◆ Dataset extract:
————
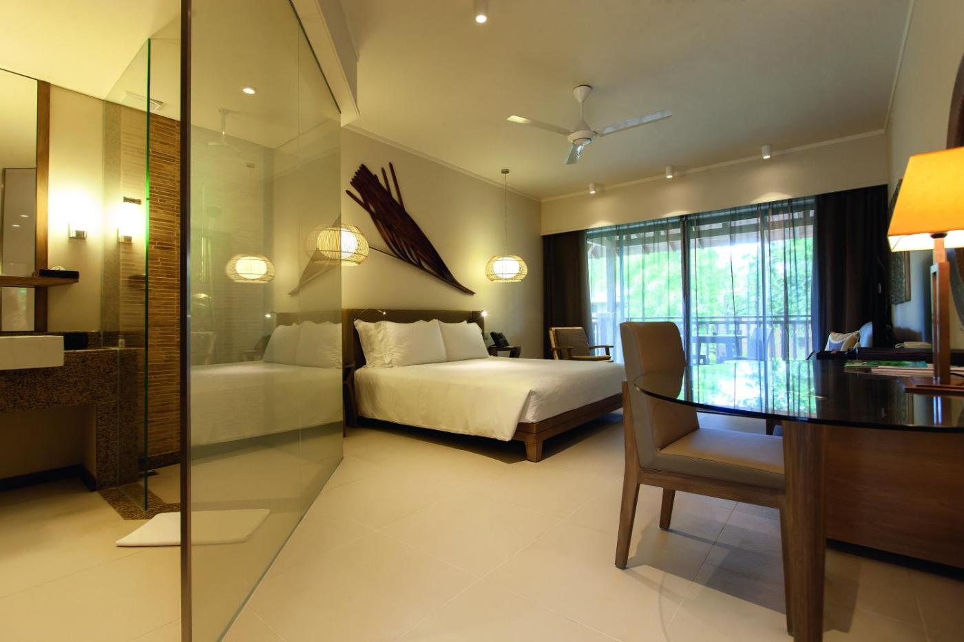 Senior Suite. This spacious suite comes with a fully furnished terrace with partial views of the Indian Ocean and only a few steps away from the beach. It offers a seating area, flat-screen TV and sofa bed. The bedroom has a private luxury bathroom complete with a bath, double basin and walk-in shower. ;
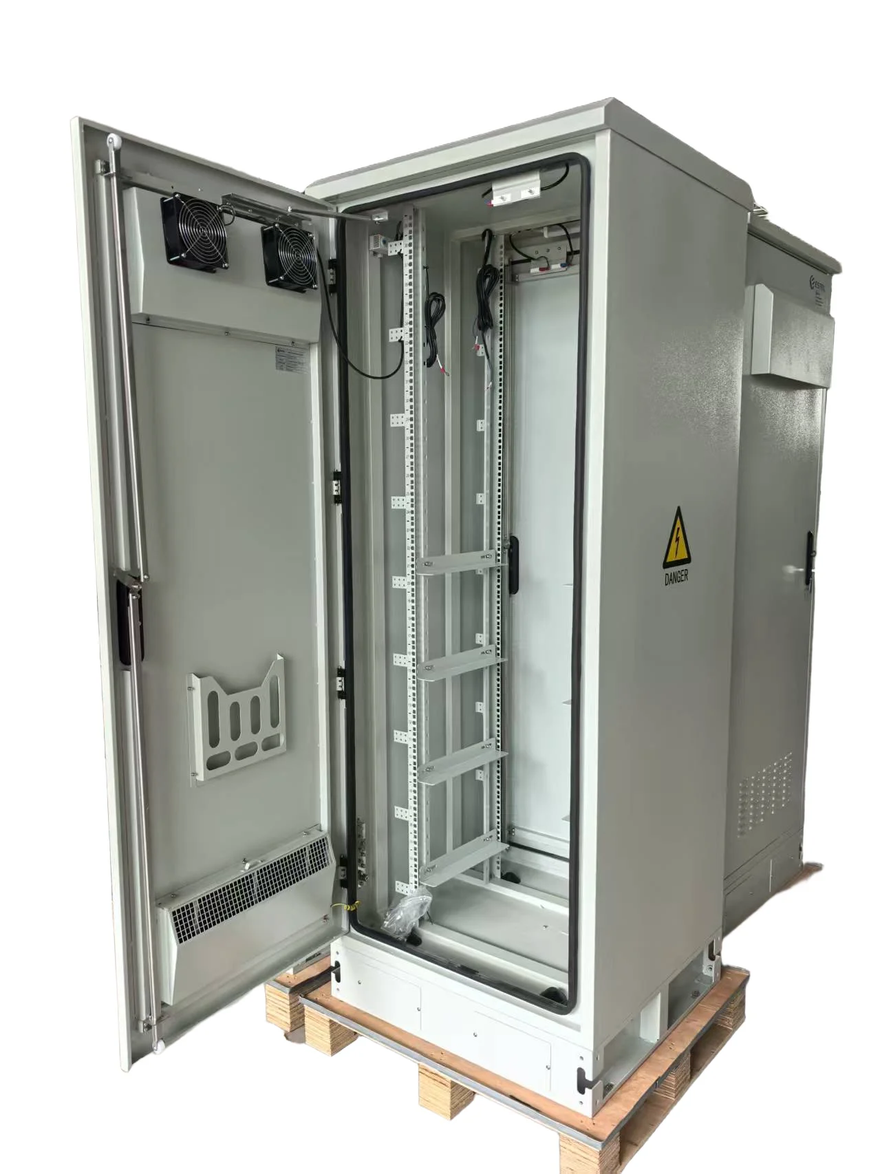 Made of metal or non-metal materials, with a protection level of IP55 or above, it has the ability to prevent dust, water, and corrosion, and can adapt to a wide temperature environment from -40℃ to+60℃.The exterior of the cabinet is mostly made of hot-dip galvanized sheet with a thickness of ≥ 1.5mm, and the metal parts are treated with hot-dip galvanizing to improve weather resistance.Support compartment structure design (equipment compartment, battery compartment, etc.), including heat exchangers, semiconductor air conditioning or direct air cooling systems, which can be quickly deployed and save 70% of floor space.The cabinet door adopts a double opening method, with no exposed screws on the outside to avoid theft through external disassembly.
————
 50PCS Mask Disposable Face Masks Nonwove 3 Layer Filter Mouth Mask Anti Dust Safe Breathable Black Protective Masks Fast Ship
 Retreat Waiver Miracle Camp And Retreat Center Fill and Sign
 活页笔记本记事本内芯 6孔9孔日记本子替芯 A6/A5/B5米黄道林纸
————
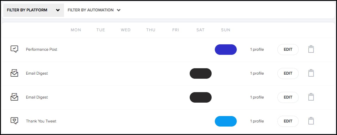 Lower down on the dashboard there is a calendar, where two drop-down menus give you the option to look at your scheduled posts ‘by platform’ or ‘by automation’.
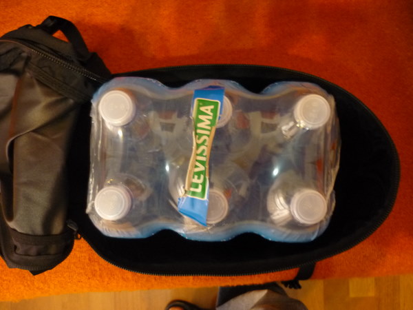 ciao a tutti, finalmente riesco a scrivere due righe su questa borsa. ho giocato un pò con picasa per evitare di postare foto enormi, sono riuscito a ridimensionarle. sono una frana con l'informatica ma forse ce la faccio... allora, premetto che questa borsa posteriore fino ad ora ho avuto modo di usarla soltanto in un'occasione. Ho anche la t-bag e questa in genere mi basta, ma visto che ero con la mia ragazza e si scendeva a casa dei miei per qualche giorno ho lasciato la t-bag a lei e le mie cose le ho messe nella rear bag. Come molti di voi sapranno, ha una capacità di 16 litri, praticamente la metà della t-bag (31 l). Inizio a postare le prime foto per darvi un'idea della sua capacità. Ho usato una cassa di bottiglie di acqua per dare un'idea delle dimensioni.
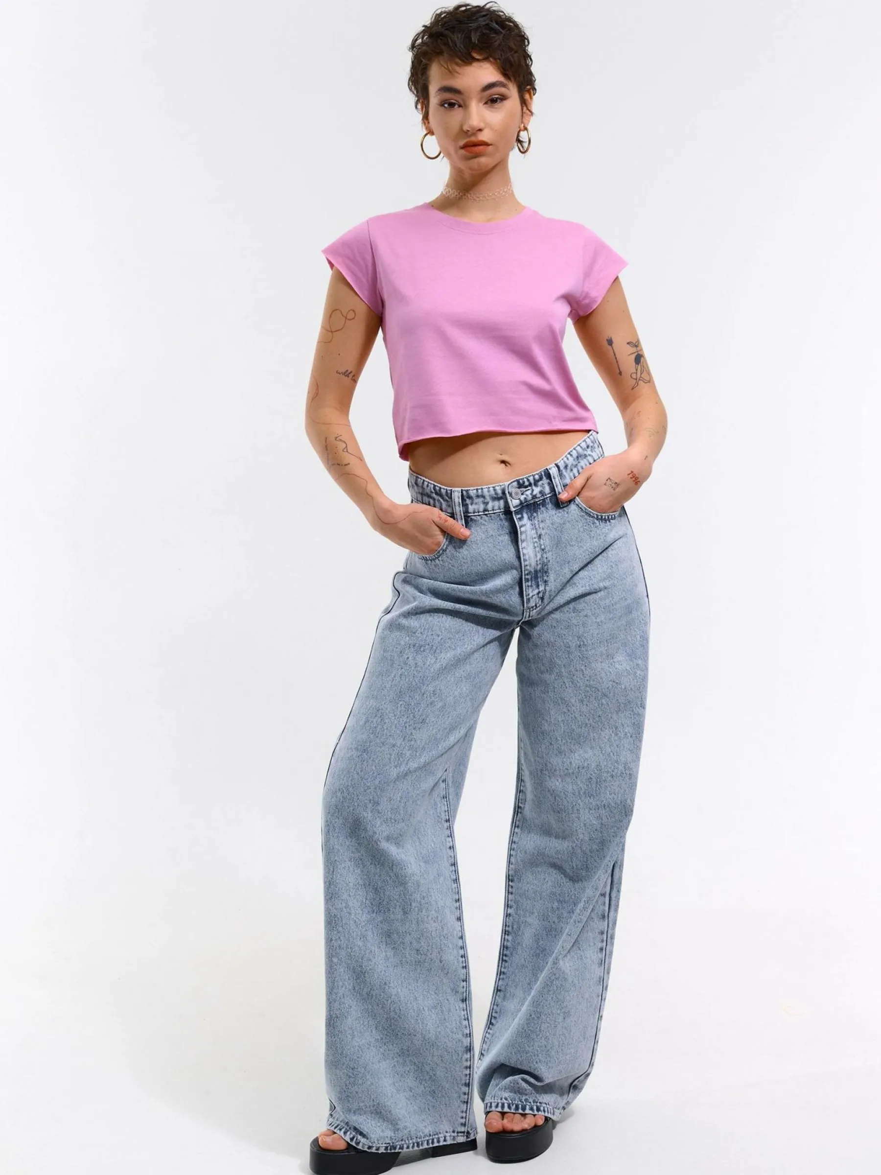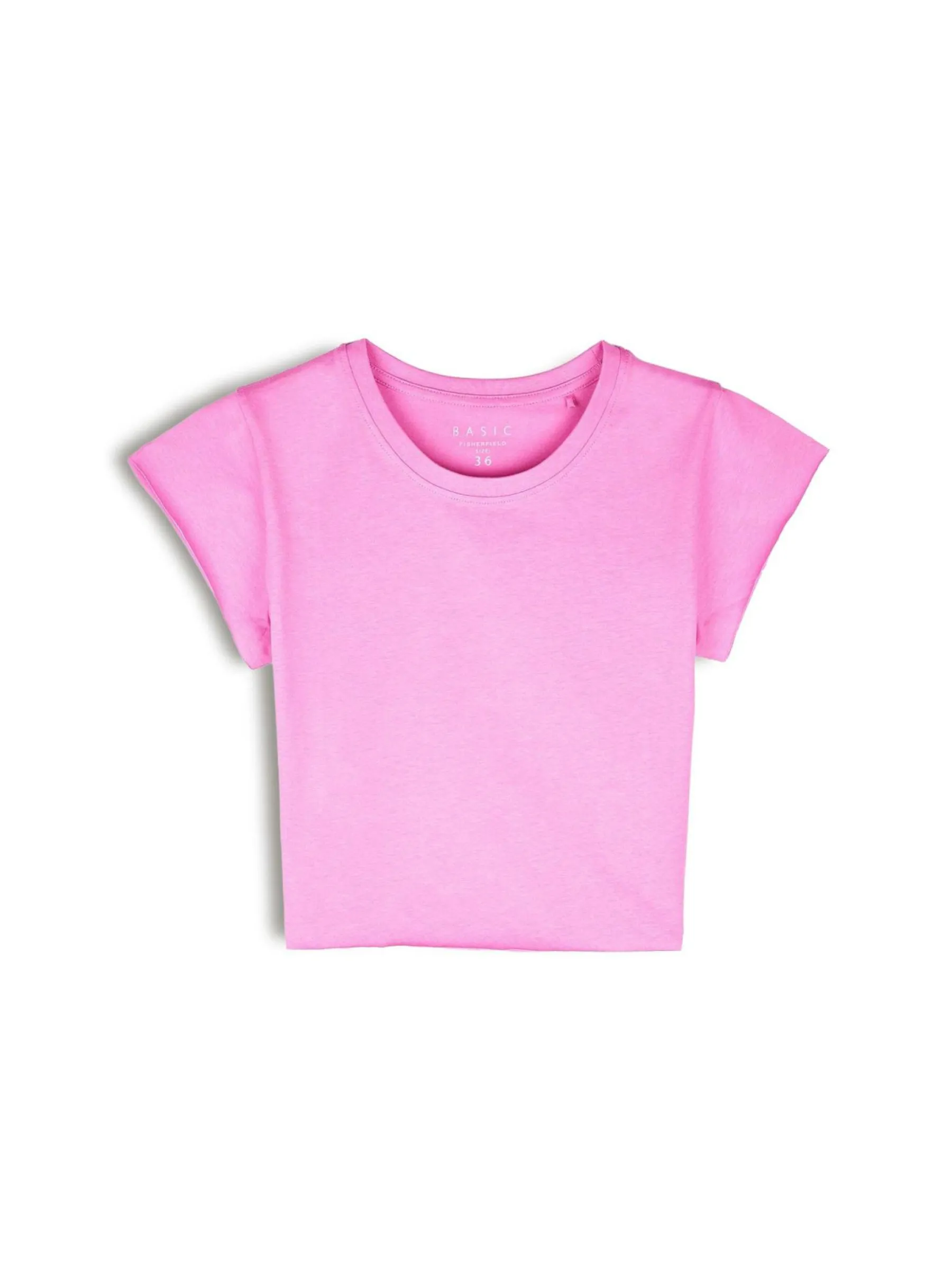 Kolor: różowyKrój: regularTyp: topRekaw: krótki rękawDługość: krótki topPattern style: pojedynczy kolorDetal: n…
————
◆ Work required: Copy only these lines from the records above, exactly: the one with "ciao a tutti, finalmente", the one with "Kolor: różowyKrój: regularTyp: topRekaw: krótki", and those between. Skip the pictures.

◆ Response to this exercise:
 ciao a tutti, finalmente riesco a scrivere due righe su questa borsa. ho giocato un pò con picasa per evitare di postare foto enormi, sono riuscito a ridimensionarle. sono una frana con l'informatica ma forse ce la faccio... allora, premetto che questa borsa posteriore fino ad ora ho avuto modo di usarla soltanto in un'occasione. Ho anche la t-bag e questa in genere mi basta, ma visto che ero con la mia ragazza e si scendeva a casa dei miei per qualche giorno ho lasciato la t-bag a lei e le mie cose le ho messe nella rear bag. Come molti di voi sapranno, ha una capacità di 16 litri, praticamente la metà della t-bag (31 l). Inizio a postare le prime foto per darvi un'idea della sua capacità. Ho usato una cassa di bottiglie di acqua per dare un'idea delle dimensioni.
 Kolor: różowyKrój: regularTyp: topRekaw: krótki rękawDługość: krótki topPattern style: pojedynczy kolorDetal: n…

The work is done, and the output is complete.